### SOURCE DATA
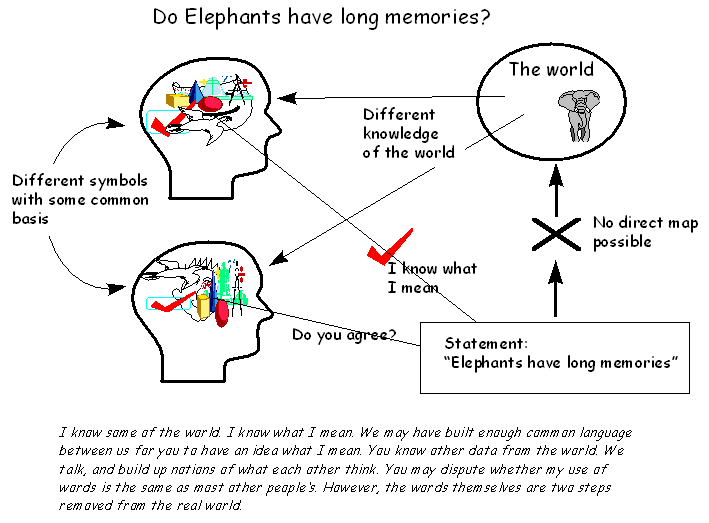 In the real world you can zoom in or out as often as you like... out to a satellite picture of the world, in to microbes or even molecules. So how much data is there in the real world, where each little cube contains so much more than just a colour? When you think about it, you realise that capturing the "real world" by picture or video or measurement is impossible. There is so much data in it that any actual hard disk, complete with data, is just a tiny part of it. From a mathematical perspective even one single exact number (say, a length), just like an infinite resolution picture of only one dimension, could not be put onto any hard disk. This all sounds obvious until you think about what languages try to do. They try to capture elements of this huge data set into a few bytes of information. In the confines of formal logic, truth is simply about comparing sentences, but when you try to include the real world into the equation, you have to be more careful.
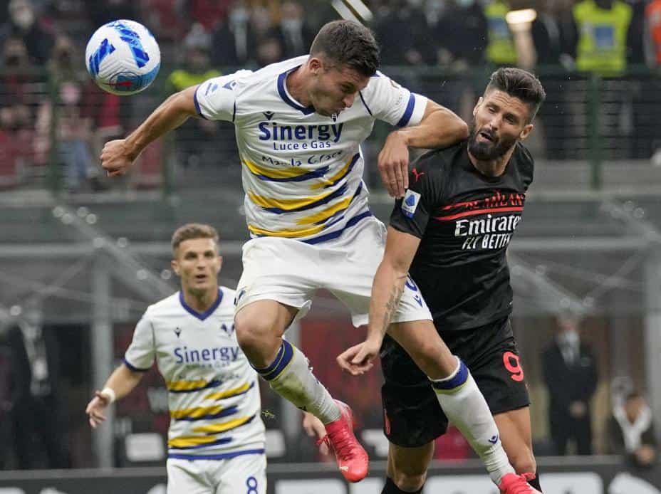 Olivier Giroud startet opphentingen som endte med 3-2-seier for Milan over Hellas Verona lørdag kveld. Storklubben overnatter på tabelltoppen i Serie A.
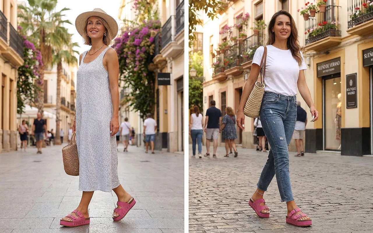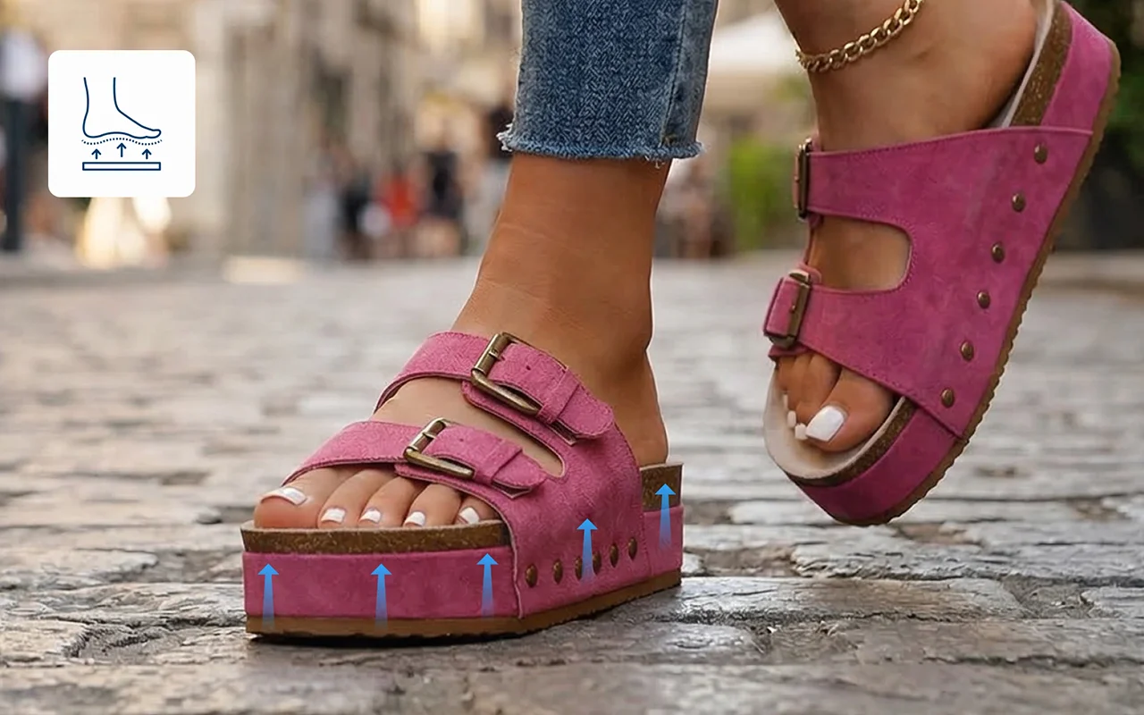 Uso estas desde os passeios com o cachorro até jantares. A plataforma é firme, não pesada, e meus dedos permanecem frescos mesmo nas tardes bem quentes.
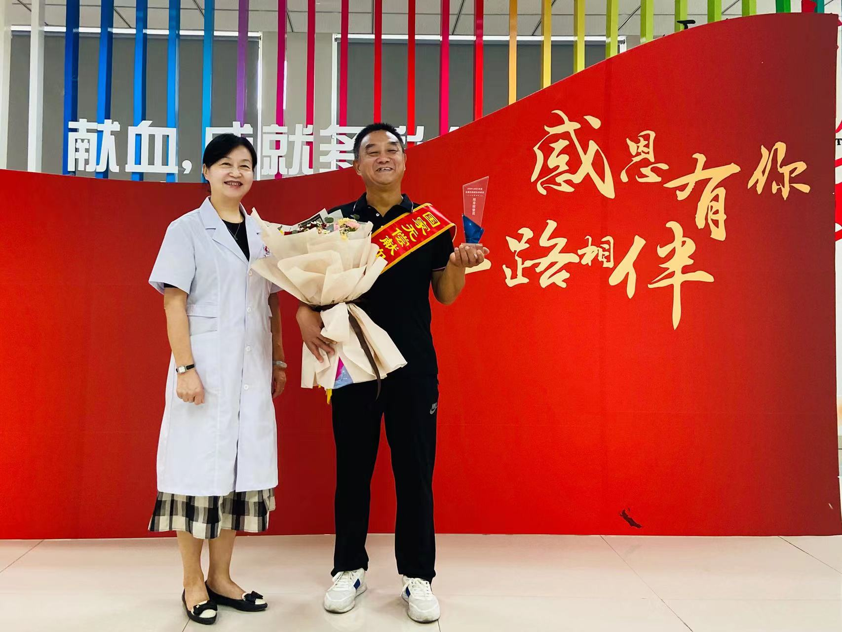 与此同时,宁夏血液中心副主任邵峰,为前来捐献血小板的无偿献血志愿服务队队长范晓东,颁发无偿献血终身荣誉奖证书及奖杯,并为他送上鲜花和特制邮折,对他为无偿献血做出的贡献、长年坚持无偿献血以及无偿献血志愿服务表示敬意与感谢。范晓东表示,自己会一直将无偿献血做到“退休”,而无偿献血志愿服务他会一直做到老。

### WHAT IS EXPECTED
Restate the lines above exactly, from the one bearing "Olivier Giroud startet" through the final line of the material, both included, omitting pictures.

### WRITTEN SOLUTION
 Olivier Giroud startet opphentingen som endte med 3-2-seier for Milan over Hellas Verona lørdag kveld. Storklubben overnatter på tabelltoppen i Serie A.
 Uso estas desde os passeios com o cachorro até jantares. A plataforma é firme, não pesada, e meus dedos permanecem frescos mesmo nas tardes bem quentes.
 与此同时,宁夏血液中心副主任邵峰,为前来捐献血小板的无偿献血志愿服务队队长范晓东,颁发无偿献血终身荣誉奖证书及奖杯,并为他送上鲜花和特制邮折,对他为无偿献血做出的贡献、长年坚持无偿献血以及无偿献血志愿服务表示敬意与感谢。范晓东表示,自己会一直将无偿献血做到“退休”,而无偿献血志愿服务他会一直做到老。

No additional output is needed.